Data records:
*** Block opens ***

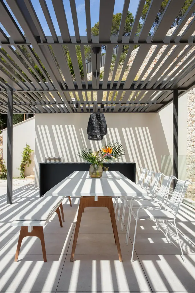 Set of 3 Marina White Dining Table and Benches by Cools CollectionHandmade.Dimensions: Dining Table: D 100 x W 340 x H 75 cm.Bench: D 35 x W 160 x H 45 cm.Materials: Legs: Teak/Dibond. Tabletop: Spruce with corrosion resistant boatpaint.Table top & bench top available in black or white. Also available with cushions for the bench. Please contact us.An extra large dining table for memorable times with your loved ones. Characterized by its elegant simplicity and powerful presence, the Marina table is made of high-quality wood. The white or black table top is set upon two teak wood blocks, with an intelligent underconstruction that doesn't require screws and stabilizes the table. It is made for indoor/outdoor use. A special boat lacquer protects the wood from the weather. You can find a cozy seat on the optional benches, which can be combined with the Capri chairs or other beautiful chairs of choice.COOLS Collection was launched in 2020 by mother-and-daughter duo Stefania Andorlini and Maria Francesca Staehle, who together decided to start a new adventure and build a brand capturing their joint aesthetic expression and spirit. A joint vision of casual elegance and timeless simplicity characterizes their brand and collection.COOLS are Contemporary Object Of Love, making you want to have them around for a lifetime.We work together with local and specialised artisans across Europe. Our products are made in small batches, from high quality and sustainable materials. Either in form of recycled or long-lasting and recyclable materials, such as steel and aluminum, both endlessly reclaimable and reshapable. We believe in lasting, meaningful design. Design that is self-evident and essential, transcending context and time. We love design that is simultaneously casual, intuitive, humorous and chic. We believe in treasuring what we love. Our designs are: Intentionally casual.Likeable and resonating, with a touch humour.Distinctive, smart and surprising.Consciously balancing function and aesthetics.Timeless, contemporary, to treasure and love for years to come.
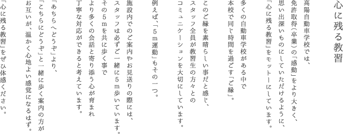 「心に残る教習」をモットーにしています。
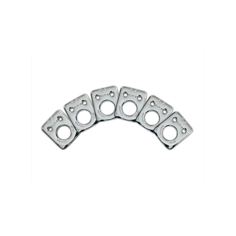 The PRT-952-214 is a set of 6 Ratio InvisoMatch Standard Installation Plates, designed for easy installation of Ratio Tuned Machine Heads. Match the correct plates to the current machine head screw position on your guitar. Use your guitars existing mounting screw holes for a fast, perfect Ratio Installation. It has a 45 degree screw hole mount.
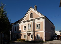 Aus zwei mittelalterlichen Häusern zusammengebaut und 1899 erneuert. Die zweigeschoßige Front besitzt ein Korbbogenportal, die Durchfahrt eine Stichkappentonne. | BDA-Hist.: Q38075846 Status: Bescheid Stand der BDA-Liste: 2024-06-15 Name: Bürgerhaus, Schnürmacherhaus GstNr.: .39 Marktplatz 21 (Ottensheim) |
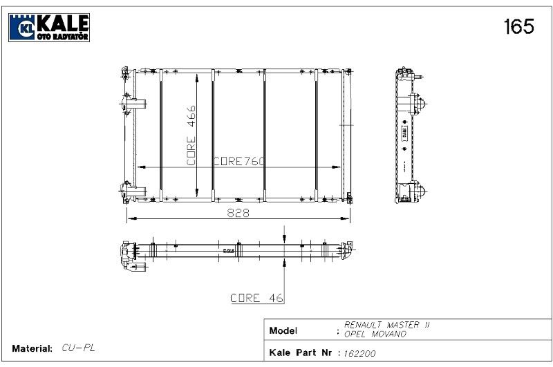 BAKIR RADYATÖR RENAULT MASTER 2.5 TDİ 2 SIRA CU+PL SİSTEM (1 AD )
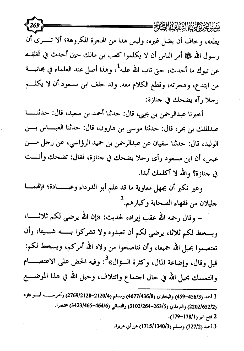 - وقال رحمه الله عقب إيراده لحديث: «إن الله يرضى لكم ثلاثا، ويسخط لكم ثلاثا، يرضى لكم أن تعبدوه ولا تشركوا به شيئا، وأن تعتصموا بحبل الله جميعا، وأن تناصحوا من ولاه الله أمركم، ويسخط لكم: قيل وقال، وإضاعة المال، وكثرة السؤال» (¬3): وفيه الحض على الاعتصام والتمسك بحبل الله في حال اجتماع وائتلاف، وحبل الله في هذا الموضع
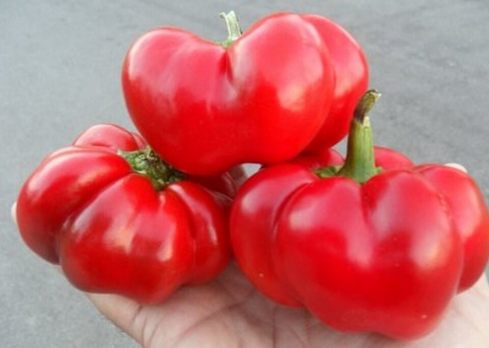 The Tomato Pepper is a small, heavy pepper iw a shape reminiscent of an heirloom tomato. Its thick walls that are twice a thick as most other peppers contribute to their weight. This gives them a meaty, yet crunchy texture and exceptional juiciness. The plants reach 2oe feet tall and are heavy producers.
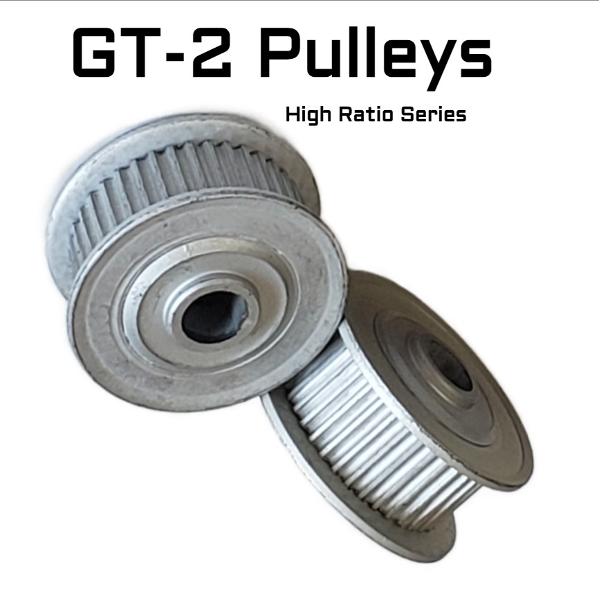 Individual Pulleys for Swapping Ratios and Replacement Belts .   These are GT-2 Pitch Series for Higher Ratios 15% -40%.   Used only with matching GT-2 Tooth Belts.
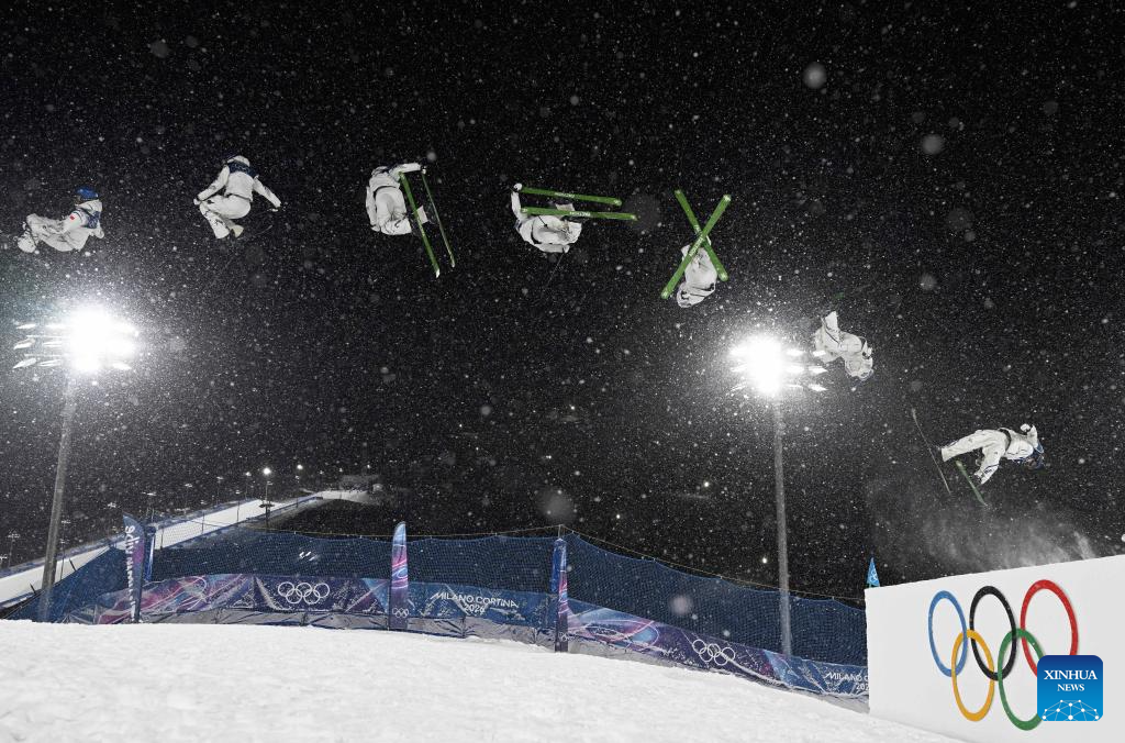 Liu Mengting of China competes during the freestyle skiing women's freeski big air final at the Milan-Cortina 2026 Olympic Winter Games in Livigno, Italy, Feb. 16, 2026. (Xinhua/Xia Yifang)
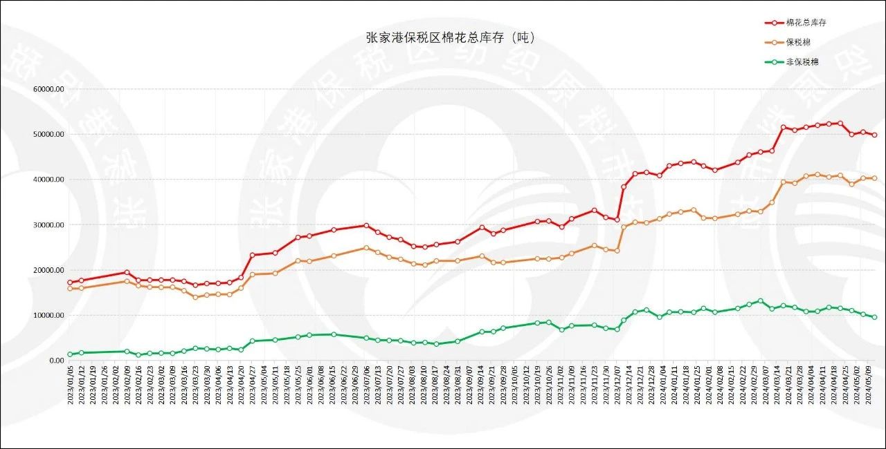 據(jù)張家港保稅區(qū)紡織原料市場(chǎng)統(tǒng)計(jì),截至2024年5月13日,張家港保稅區(qū)棉花總庫(kù)存4.98萬(wàn)噸,環(huán)比減少1.29%;其中保稅棉4.03萬(wàn)噸,環(huán)比減少0.01%,非保稅棉0.95萬(wàn)噸,環(huán)比減少6.32%。從進(jìn)口棉來(lái)源地看,張家港保稅區(qū)棉花庫(kù)存中:美棉占比40.87%,環(huán)比增加2.2個(gè)百分點(diǎn);巴西棉占比26.91%,環(huán)比減少0.31個(gè)百分點(diǎn);印度棉占比0.32%,環(huán)比減少0.66個(gè)百分點(diǎn);其他國(guó)家及地區(qū)占比29.05%,環(huán)比減少1.23個(gè)百分點(diǎn)。當(dāng)周進(jìn)口棉進(jìn)出入庫(kù)動(dòng)態(tài)變化情況,張家港保稅區(qū)棉花庫(kù)存中,出庫(kù)2575.57噸,入庫(kù)1978.75噸,凈入庫(kù)(-596.82)噸。
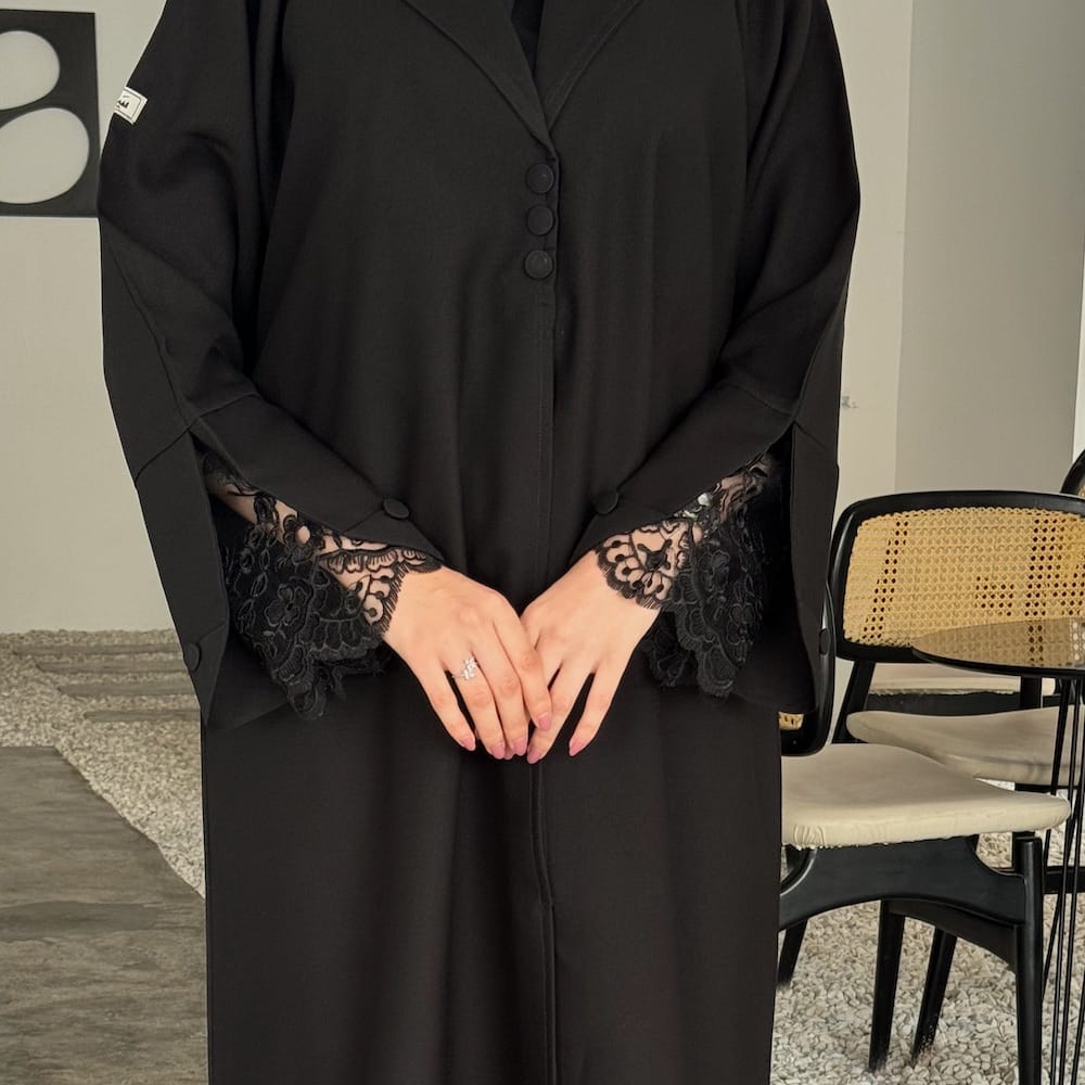 كما أن العباية مصنوعة من قصة الربع كلوش التي تجعل حركتكِ أسهل والدانتيل هنا مضاف بطريقة عملية، حيث تم إضافته من الداخل ليبدو بمظهر أفضل خاصًة مع الأزرار الموجودة في الأكمام ويضفي إليها لمسة فخمة.
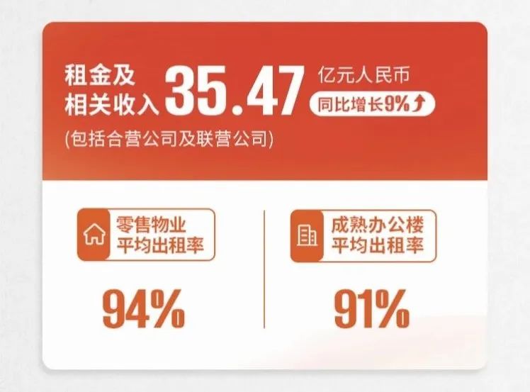 2024年瑞安房地產(chǎn)錄得收入81.73億元,同比下降16%;凈利潤(rùn)8.1億元,同比下降42%;股東應(yīng)占溢利1.8億元,同比下降78%。租金在整體收入中的占比提高,全年租金及相關(guān)收入(含合營(yíng)及聯(lián)營(yíng)公司)同比增長(zhǎng)9%至35.47億元;毛利率更是顯著提升12%,達(dá)到64%。零售物業(yè)的銷售增長(zhǎng)8%、客流增長(zhǎng)12%,出租率也穩(wěn)定在94%左右。

*** Block closes ***

Exercise:
Using the data above, transcribe exactly the lines between those containing "Aus zwei mittelalterlichen" and "BAKIR RADYATÖR RENAULT", inclusive, and leave every picture behind.

Your solution:
 Aus zwei mittelalterlichen Häusern zusammengebaut und 1899 erneuert. Die zweigeschoßige Front besitzt ein Korbbogenportal, die Durchfahrt eine Stichkappentonne. | BDA-Hist.: Q38075846 Status: Bescheid Stand der BDA-Liste: 2024-06-15 Name: Bürgerhaus, Schnürmacherhaus GstNr.: .39 Marktplatz 21 (Ottensheim) |
 BAKIR RADYATÖR RENAULT MASTER 2.5 TDİ 2 SIRA CU+PL SİSTEM (1 AD )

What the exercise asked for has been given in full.